> **Input records**:
---+---

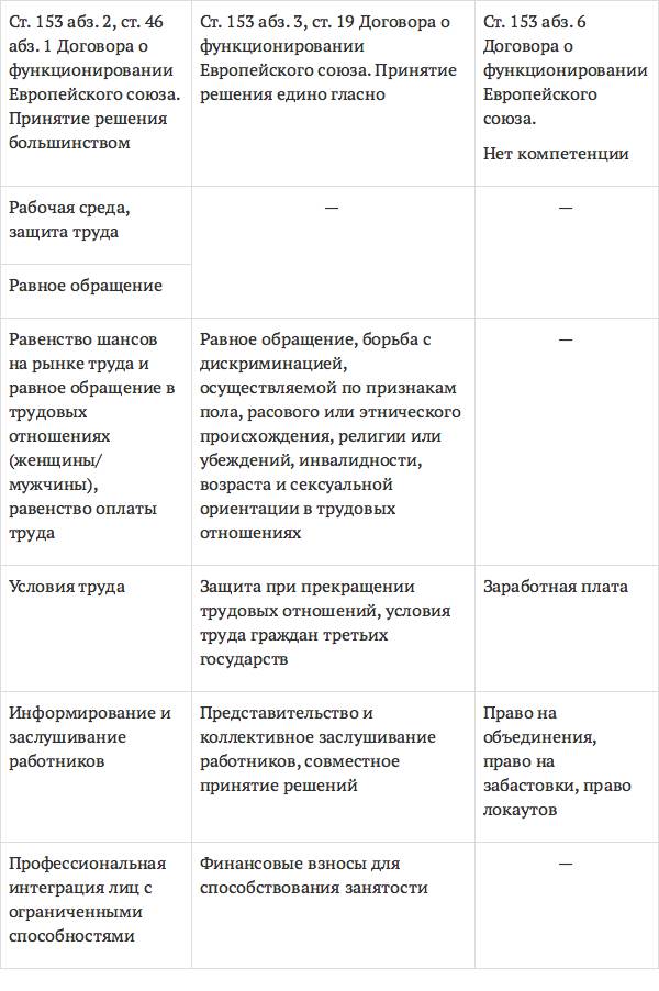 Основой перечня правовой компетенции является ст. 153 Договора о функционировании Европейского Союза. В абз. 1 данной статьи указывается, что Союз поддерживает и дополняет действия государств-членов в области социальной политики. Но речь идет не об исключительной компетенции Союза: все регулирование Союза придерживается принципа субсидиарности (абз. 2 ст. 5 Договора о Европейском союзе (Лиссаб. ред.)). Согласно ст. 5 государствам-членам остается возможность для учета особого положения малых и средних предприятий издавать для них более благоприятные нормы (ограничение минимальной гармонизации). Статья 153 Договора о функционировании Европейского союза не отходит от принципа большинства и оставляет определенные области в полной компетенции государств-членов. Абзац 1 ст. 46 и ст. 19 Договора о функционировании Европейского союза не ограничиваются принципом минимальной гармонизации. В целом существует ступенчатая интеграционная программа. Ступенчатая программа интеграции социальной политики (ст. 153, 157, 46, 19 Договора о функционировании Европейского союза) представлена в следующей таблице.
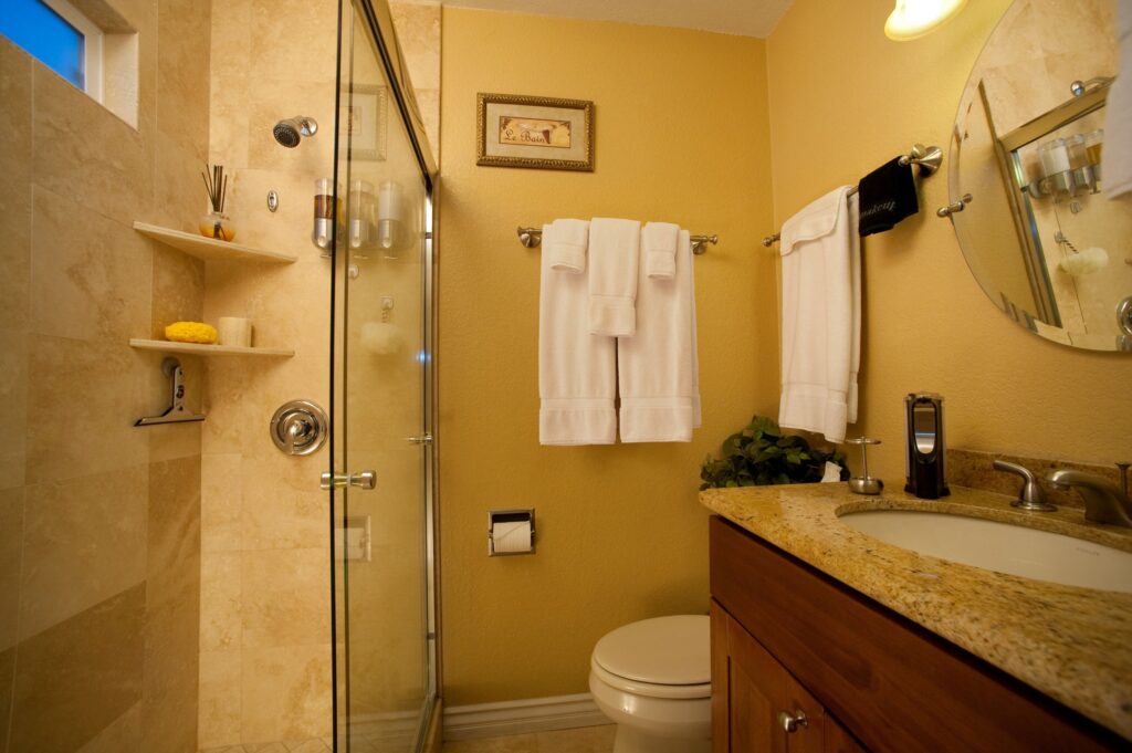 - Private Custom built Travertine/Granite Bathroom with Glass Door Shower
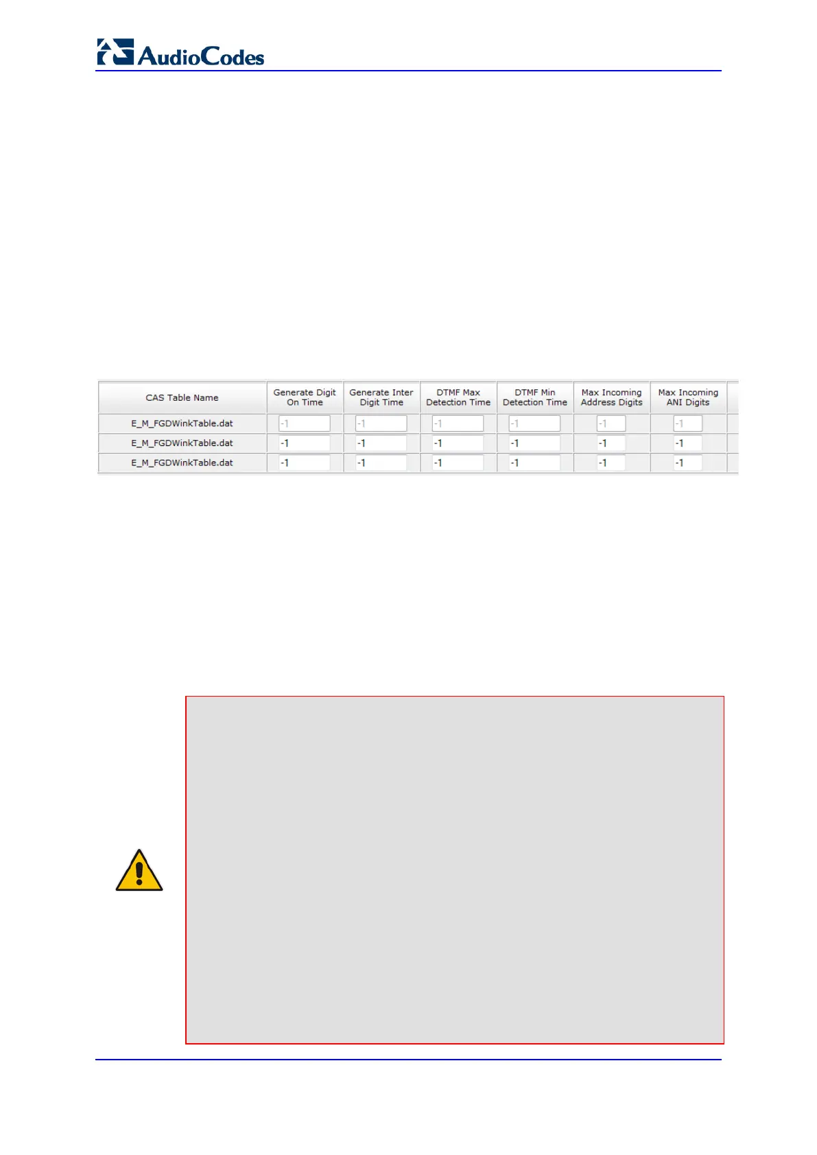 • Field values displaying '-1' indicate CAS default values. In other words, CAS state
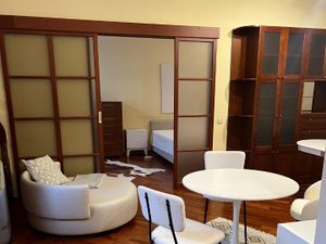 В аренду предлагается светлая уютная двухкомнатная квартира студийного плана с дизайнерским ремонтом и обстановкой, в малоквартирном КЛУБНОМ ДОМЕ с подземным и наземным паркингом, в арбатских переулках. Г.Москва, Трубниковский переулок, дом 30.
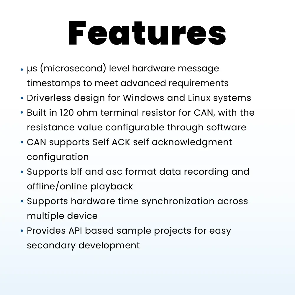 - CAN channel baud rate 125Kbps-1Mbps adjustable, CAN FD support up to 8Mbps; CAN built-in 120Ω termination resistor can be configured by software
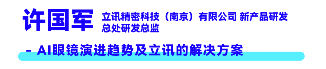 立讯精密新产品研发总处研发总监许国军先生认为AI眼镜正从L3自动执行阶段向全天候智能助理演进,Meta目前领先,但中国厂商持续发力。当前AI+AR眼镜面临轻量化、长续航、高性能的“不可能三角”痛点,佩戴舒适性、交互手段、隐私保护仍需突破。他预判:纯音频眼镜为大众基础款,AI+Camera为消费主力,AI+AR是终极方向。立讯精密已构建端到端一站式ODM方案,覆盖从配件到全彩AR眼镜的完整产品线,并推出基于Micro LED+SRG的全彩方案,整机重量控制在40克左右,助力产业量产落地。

---+---

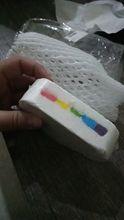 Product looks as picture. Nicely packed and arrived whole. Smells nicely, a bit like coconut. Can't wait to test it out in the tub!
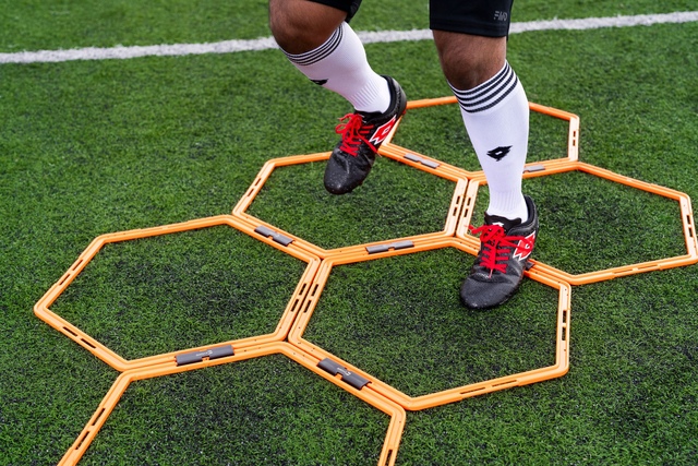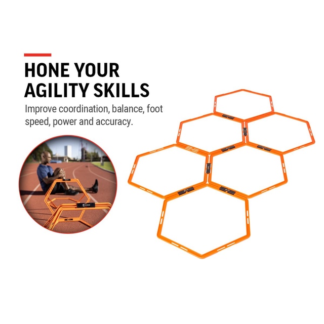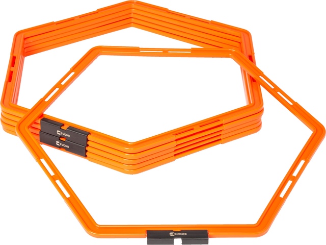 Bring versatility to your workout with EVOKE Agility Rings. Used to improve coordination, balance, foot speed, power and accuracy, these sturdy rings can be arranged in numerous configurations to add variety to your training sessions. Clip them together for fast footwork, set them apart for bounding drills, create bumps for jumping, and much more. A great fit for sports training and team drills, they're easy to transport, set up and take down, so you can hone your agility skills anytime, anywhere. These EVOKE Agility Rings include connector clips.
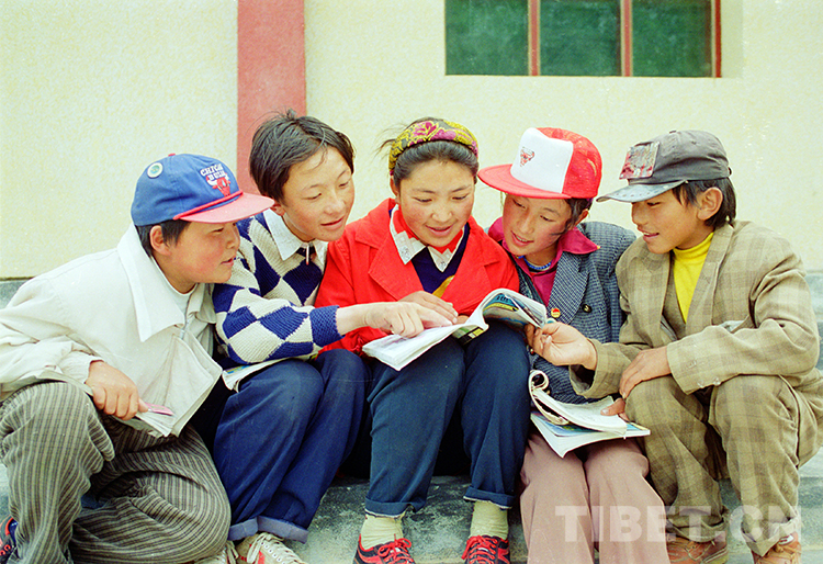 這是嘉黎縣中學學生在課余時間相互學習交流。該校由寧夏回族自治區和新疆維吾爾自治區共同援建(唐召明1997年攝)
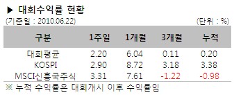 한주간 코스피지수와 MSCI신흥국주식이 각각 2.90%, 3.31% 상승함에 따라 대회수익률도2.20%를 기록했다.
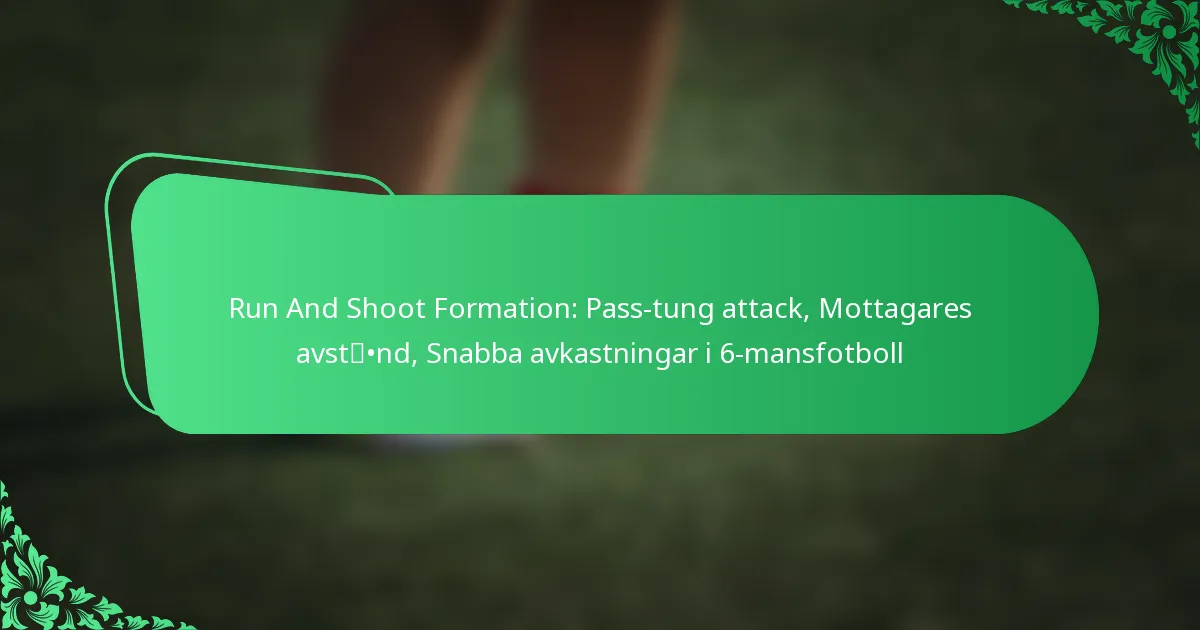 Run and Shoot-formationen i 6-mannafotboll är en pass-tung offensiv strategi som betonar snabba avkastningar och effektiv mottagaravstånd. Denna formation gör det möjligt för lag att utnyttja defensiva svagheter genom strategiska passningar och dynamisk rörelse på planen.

---+---

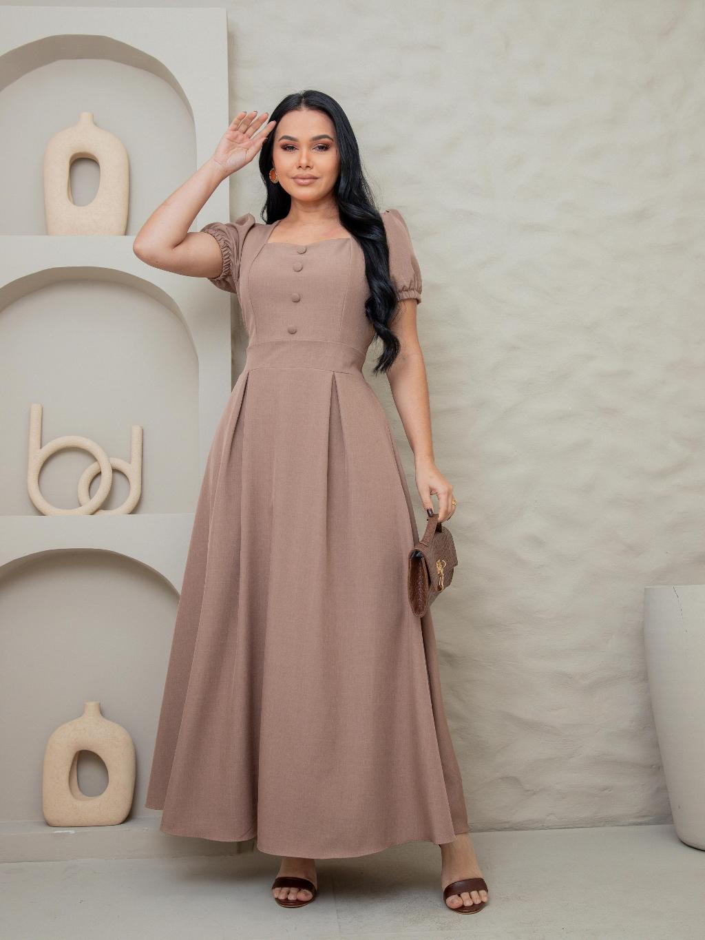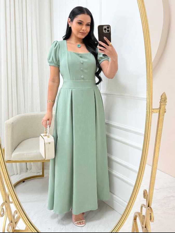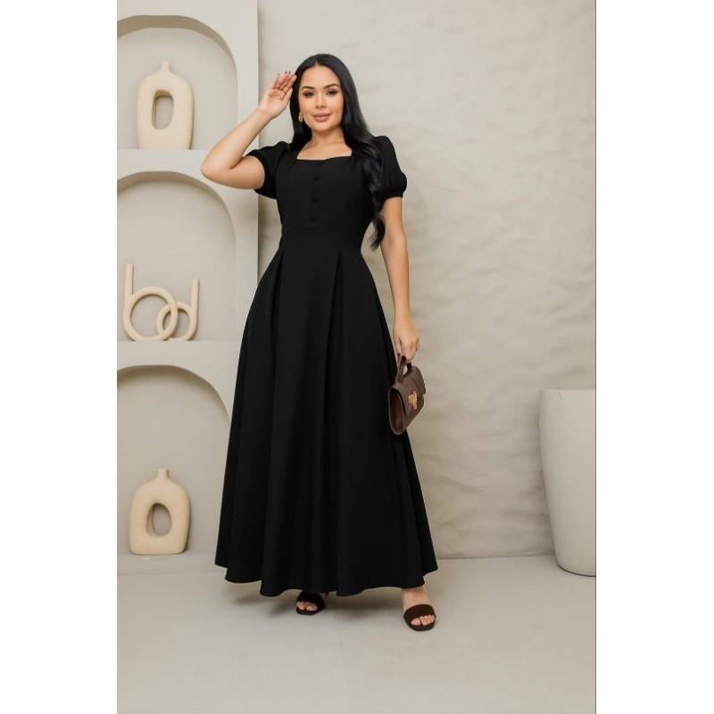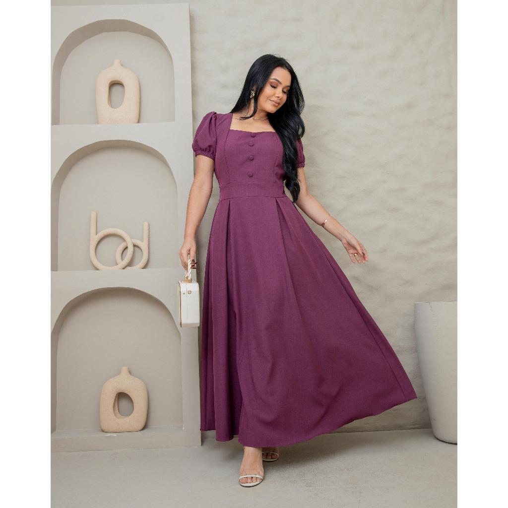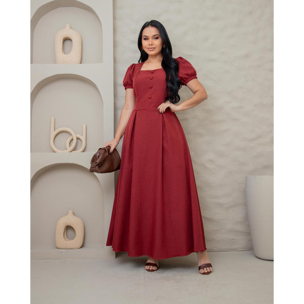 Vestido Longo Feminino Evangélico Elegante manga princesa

---+---

> **Task statement**:
Print nothing but the lines above starting with the line that contains "words, CAS state" and going on through the line that contains "立讯精密新产品研发总处研发总". Leave out the pictures.

> **Exercise output**:
 • Field values displaying '-1' indicate CAS default values. In other words, CAS state
 В аренду предлагается светлая уютная двухкомнатная квартира студийного плана с дизайнерским ремонтом и обстановкой, в малоквартирном КЛУБНОМ ДОМЕ с подземным и наземным паркингом, в арбатских переулках. Г.Москва, Трубниковский переулок, дом 30.
 - CAN channel baud rate 125Kbps-1Mbps adjustable, CAN FD support up to 8Mbps; CAN built-in 120Ω termination resistor can be configured by software
 立讯精密新产品研发总处研发总监许国军先生认为AI眼镜正从L3自动执行阶段向全天候智能助理演进,Meta目前领先,但中国厂商持续发力。当前AI+AR眼镜面临轻量化、长续航、高性能的“不可能三角”痛点,佩戴舒适性、交互手段、隐私保护仍需突破。他预判:纯音频眼镜为大众基础款,AI+Camera为消费主力,AI+AR是终极方向。立讯精密已构建端到端一站式ODM方案,覆盖从配件到全彩AR眼镜的完整产品线,并推出基于Micro LED+SRG的全彩方案,整机重量控制在40克左右,助力产业量产落地。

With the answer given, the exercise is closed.